De acordo com Benjamin, uma vida no meio de multidões urbanas é de modo inerente traumática porque somos repetidamente confrontados com olhos que não nos devolvem o olhar: "O que está aqui em causa é que a expetativa suscitada pelo olhar humano não se cumpre. Baudelaire descreve olhos dos quais se pode dizer que perderam a capacidade de olhar. "O choque da desumanidade crónica de tais olhos contrasta, com SPLEEN E IDEAL.

Baudelaire imaginou leitores para os quais a leitura da poesia lírica apresentaria dificuldades. O poema introdutório de Les Fleurs du mal é dirigido a esses leitores. A força de vontade e a capacidade de concentração não são os seus pontos fortes. O que eles preferem é o prazer sensual; conhecem o "baço" que mata o interesse e receptividade. É estranho encontrar um poeta lírico que se dirija a si mesmo aos tais leitores a esses leitores - o tipo de público menos gratificante.

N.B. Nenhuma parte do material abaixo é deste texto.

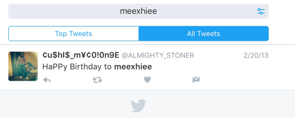 An easy search on Twitter (remember Twitter/Periscope are associated) – will find that there are no users that have the handle @Meexhiee. Using Twitter’s native search bar, you can see that the term “Meexhiee” was only used once in February 2013.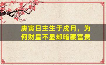 在八字命理中,"财星不显却暗藏富贵"的现象可以从以下几个角度解析: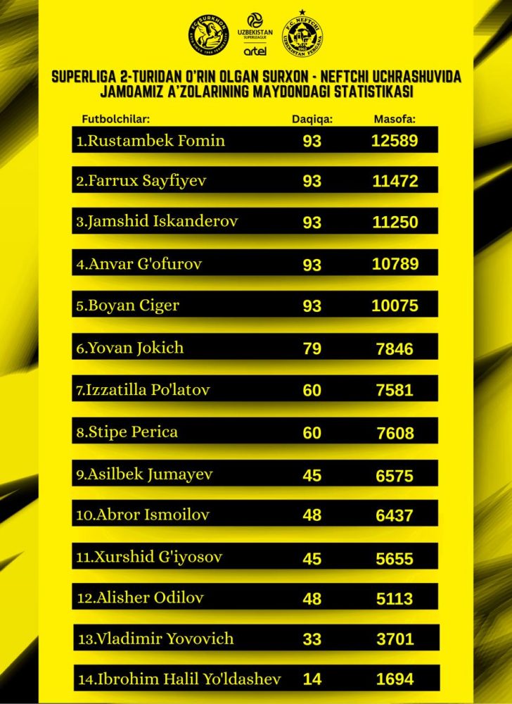 📊 Uchrashuv statistikasi (yugurilgan masofa)

Há, naturalmente, uma explicação pronta para este facto. Baudelaire queria ser compreendido; dedica o seu livro àqueles que são como ele. O poema dirigido ao leitor termina com a saudação: "Hipócrita lecteur,-mon semblable,-mon frere!" Talvez fosse mais proveitoso colocar a questão de outra forma e dizer: Baudelaire escreveu um livro que, desde o início, tinha poucas perspectivas de se tornar um sucesso popular chegado. O tipo de leitor que ele imaginava é descrito no poema introdutório, e este acabou por ser um julgamento clarividente.

Acabaria por encontrar o leitor a que se destinava a sua obra, e, esta situação - ou seja, o fato das condições de recepção da poesia lírica se ter tornado cada vez mais desfavorável, é confirmada por três fatores particulares, entre outros.

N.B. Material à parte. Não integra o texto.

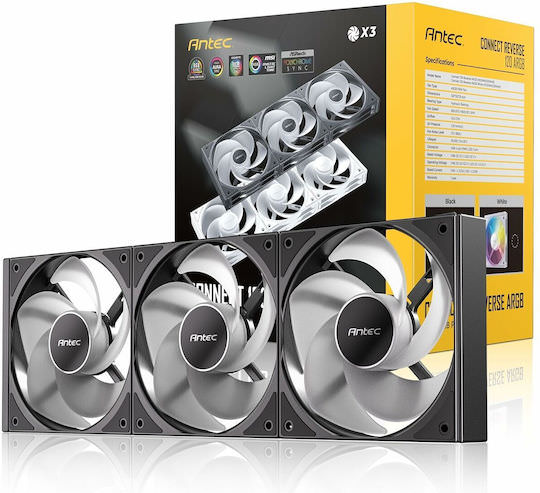 Antec Connect C120R Reverse Case Fan με ARGB Φωτισμό και Σύνδεση 3-Pin / 4-Pin PWM 3τμχ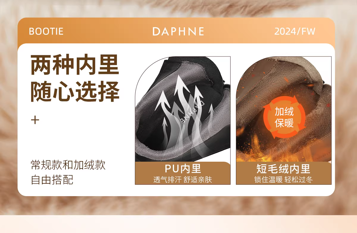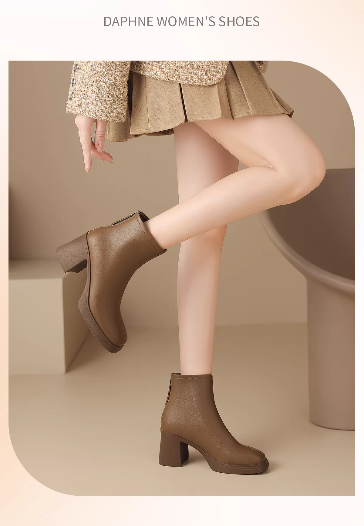 Giày bốt ngắn lót lông Daphne dành cho nữ, mẫu mới thu đông 2025, giày cao gót mũi vuông, kiểu Martin, giày mùa đông đế thô, giày mẹ

Em primeiro lugar, o poeta lírico deixou de representar o poeta per se. Já não é um "trovador", como Lamartine ainda era; ele se tornou o representante de um género (Verlaine é um exemplo concreto desta especialização; Rimbaud já deve ser considerado como uma figura esotérica, um poeta que, ex officio, manteve uma distância entre o seu público e a sua obra.) Segundo, não houve sucesso em grande escala na poesia lírica desde Baudelaire. (A poesia lírica de Victor Hugo ainda era capaz de evocar poderosas reverberações quando apareceu pela primeira vez. Na Alemanha, o Buch der Lieder de Heine marca um ponto de virada.) 

O terceiro fator decorre deste - nomeadamente, a maior frieza do público, mesmo em relação à poesia lírica que foi transmitida como parte do seu próprio património cultural. O período em causa remonta, grosso modo, a meados do século XIX. Ao longo deste período, a fama de Les Fleurs du mal não parou de crescer. Este livro que o autor esperava que fosse lido pelos leitores menos indulgentes e que foi e que, no início, foi lido apenas por alguns indulgentes, adquiriu, ao longo das décadas, de um clássico e se tornou um dos livros mais impressos.

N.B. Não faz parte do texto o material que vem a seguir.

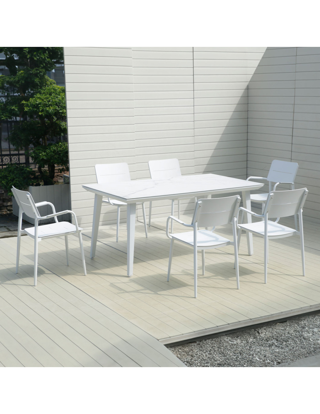 Mesa Granada blanca, diseño moderno y resistente que aporta luminosidad y amplitud a tu terraza.

Se as condições para uma recepção positiva da poesia lírica se tornaram menos favoráveis, é razoável supor que só em raros casos que poesia lírica está de acordo com a experiência dos seus leitores. Isso pode ser devido a uma mudança na estrutura da sua experiência. 

Meus 57.100 custosos Leitores, devo dizer-lhes que não sigo nenhuma vertente brasileira além das elencadas por Mário Faustino de quem só distingo pela ideologia. E se eu estiver auxiliando, algum aluno numa escola sem biblioteca, ou professor estarei construindo um melhor amanhã para o Brasil.